## ACTIVITY
The answer consists solely of the lines running from the one with "Crafted in the" through the final line below, transcribed exactly and without any pictures.

--------------------------------

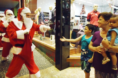 Papais Nois distribuem doces e movimentam centro comercial |
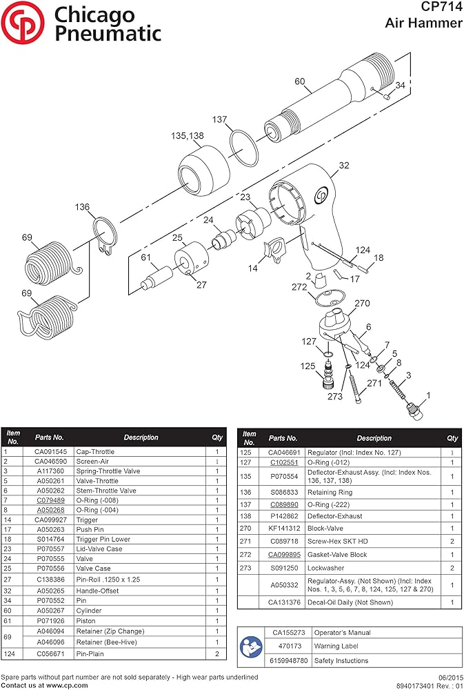 جميع مكونات وملحقات شيكاغو الهوائية الأصلية بما في ذلك (1) مطرقة هوائية CP714، (1) ظرف تغيير كتكوت CA155807 و(1) مجموعة إزميل 8940158924 6 قطع
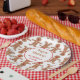 Kinder jeden Alters werden diese niedlichen Teller in der Weihnachtszeit Liebe! Sie zeichnen sich durch ein Muster von bezaubernden braunen Lebkuchenmännern mit weißer und roter Dekoration aus. In der Mitte befindet sich ein rot gezeichneter weißer Kreis mit zwei benutzerdefinierten Textfeldern in rot und braun. Feierlich für die Saison!
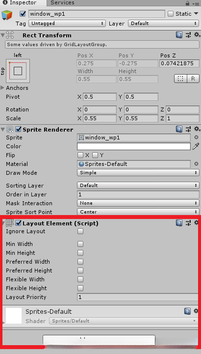 7. 给格子添加component: layout element
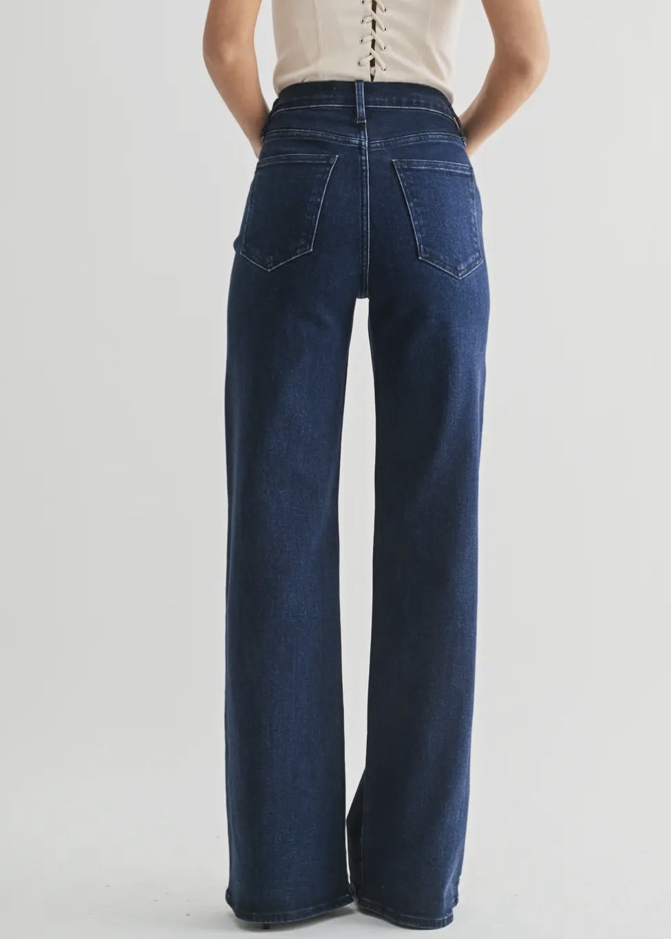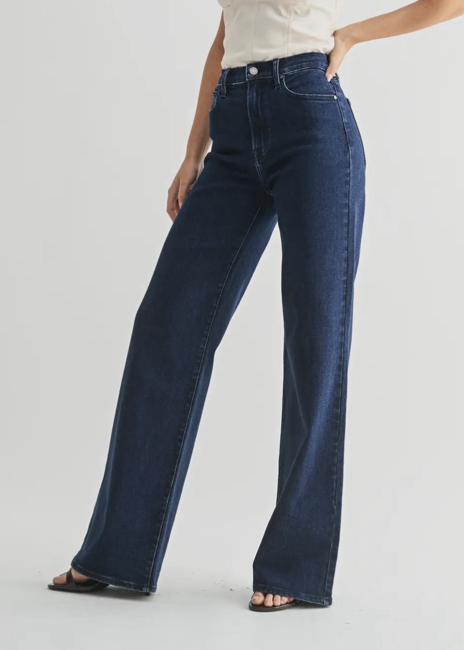 Crafted in the United States from a premium blend of cotton, polyester, and spandex, this denim offers the ideal balance of softness, stretch, and durability. A true statement jean, the palazzo cut transitions seamlessly from everyday wear to elevated occasions.
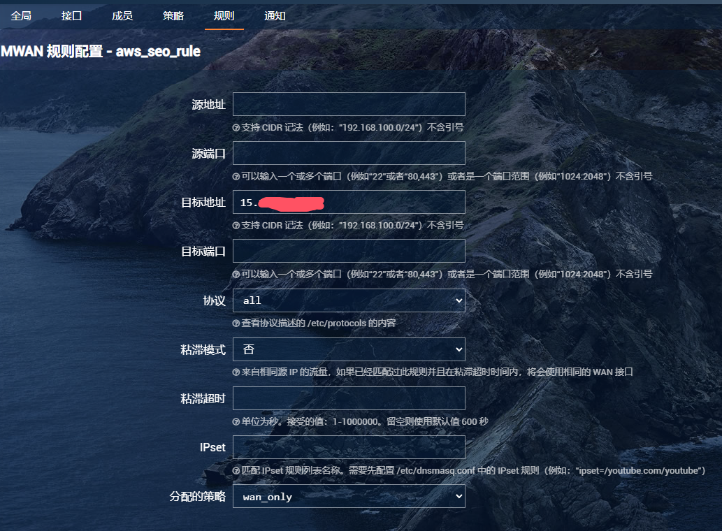 “策略”把成员进行分组,告诉 MWAN 如何分配“规则”中使用这一策略的流量

--------------------------------

## RESPONSE TO THE TASK
 Crafted in the United States from a premium blend of cotton, polyester, and spandex, this denim offers the ideal balance of softness, stretch, and durability. A true statement jean, the palazzo cut transitions seamlessly from everyday wear to elevated occasions.
 “策略”把成员进行分组,告诉 MWAN 如何分配“规则”中使用这一策略的流量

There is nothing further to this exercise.